(Given material)

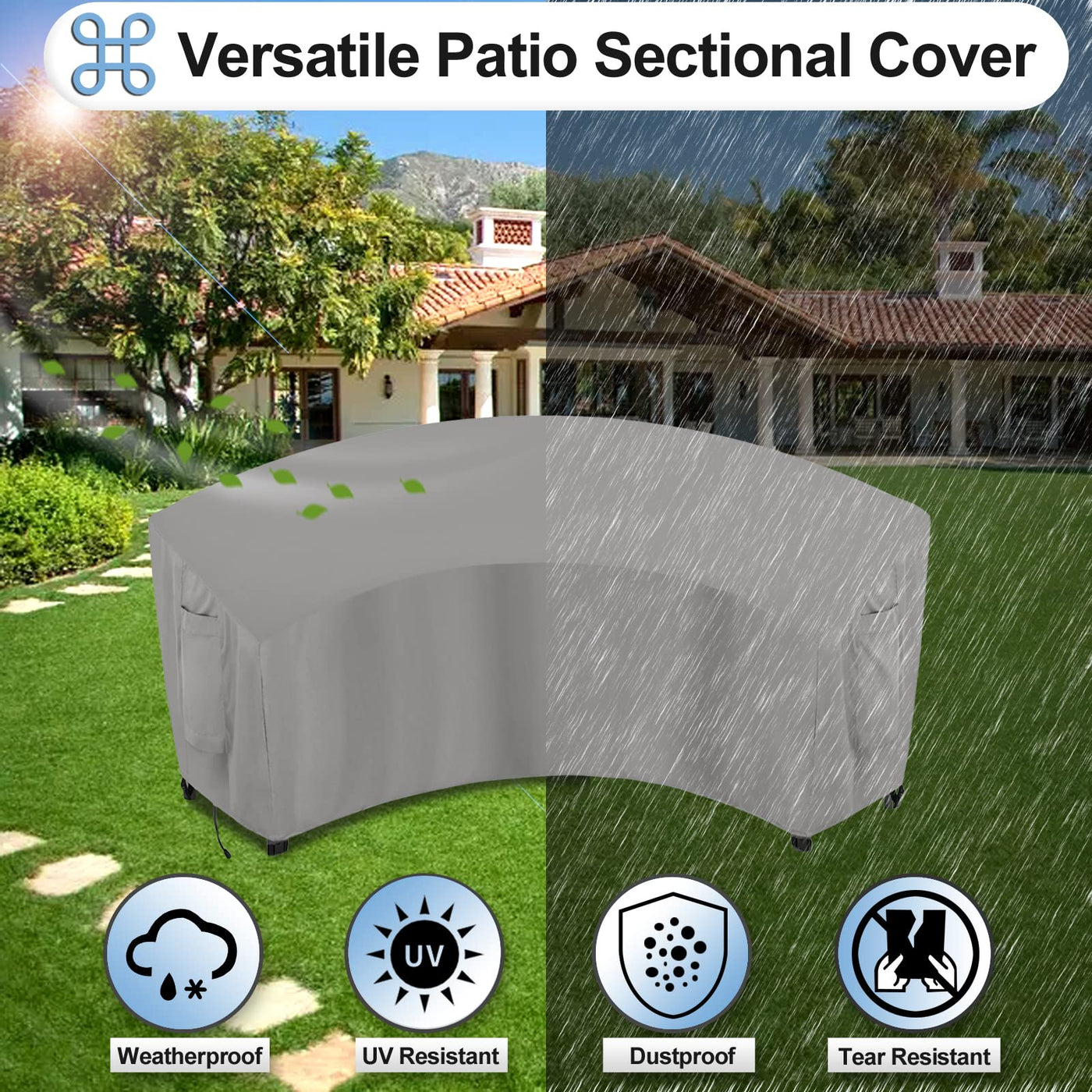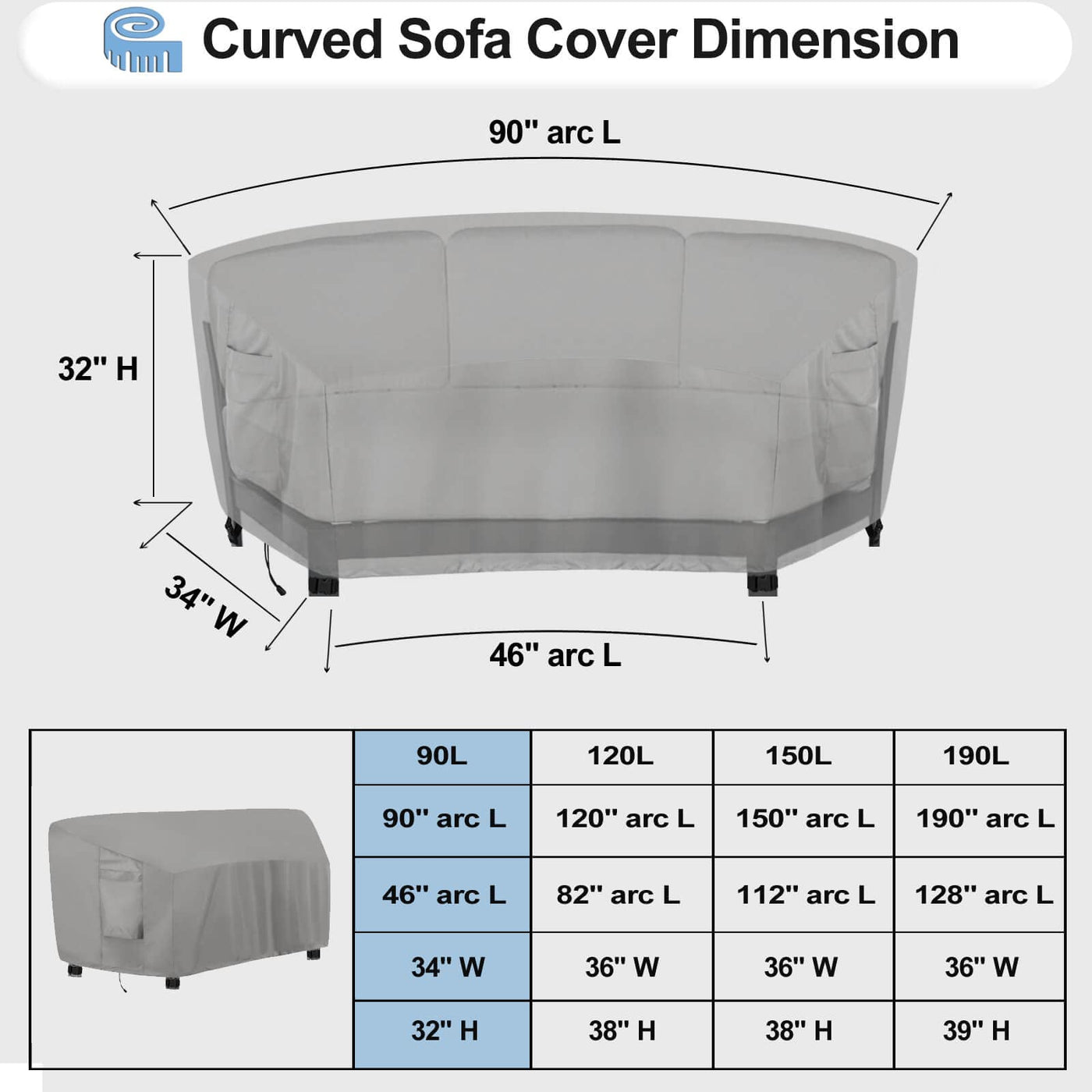 Outdoorlines Waterproof Curved Outdoor Sectional Cover - Uv Resistant Windproof Patio Sectional Sofa Covers For Deck, Lawn And Backyard, Heavy Duty Furniture Covers (90Lx34Dx32Hx46Fl, Gray)
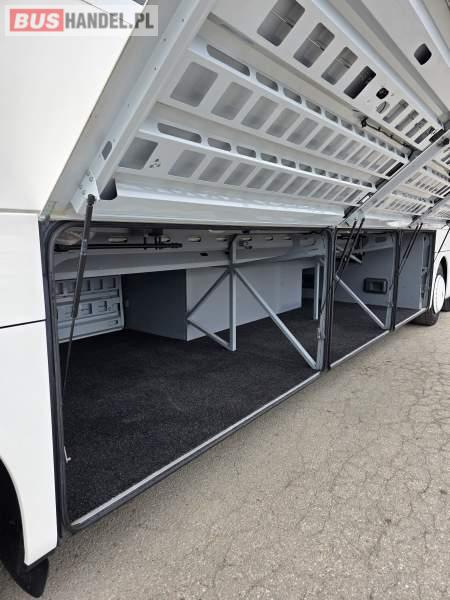 : WC, lodówka, fotele odchylane, oświetlenie indywidualne, nawiewy dyszowe, siateczki, ABS, ASR, tempomat, retarder, podnóżki, stoliczki, mikrofon, klimatyzacja, radio, sejf, regulacja wysokości nadwozia, centralny zamek, podwójne szyby boczne, wspomaganie kierownicy, elektryczne lusterka, fotele odchylane i rozsuwane, DVD, ogrzewanie stacjonarne, ESP
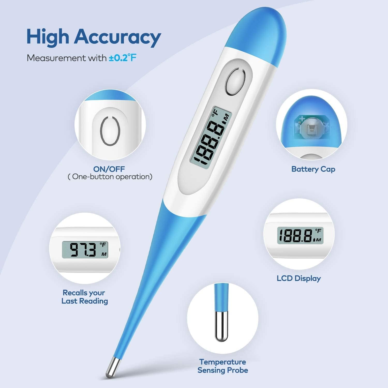 Boncare Thermometer for Adults with 10 Seconds Fast Reading, Digital Oral Thermometer for Fever (Light Blue)

(Exercise goal)
With the pictures removed, return the full listing exactly as given.

(Output below)
 Outdoorlines Waterproof Curved Outdoor Sectional Cover - Uv Resistant Windproof Patio Sectional Sofa Covers For Deck, Lawn And Backyard, Heavy Duty Furniture Covers (90Lx34Dx32Hx46Fl, Gray)
 : WC, lodówka, fotele odchylane, oświetlenie indywidualne, nawiewy dyszowe, siateczki, ABS, ASR, tempomat, retarder, podnóżki, stoliczki, mikrofon, klimatyzacja, radio, sejf, regulacja wysokości nadwozia, centralny zamek, podwójne szyby boczne, wspomaganie kierownicy, elektryczne lusterka, fotele odchylane i rozsuwane, DVD, ogrzewanie stacjonarne, ESP
 Boncare Thermometer for Adults with 10 Seconds Fast Reading, Digital Oral Thermometer for Fever (Light Blue)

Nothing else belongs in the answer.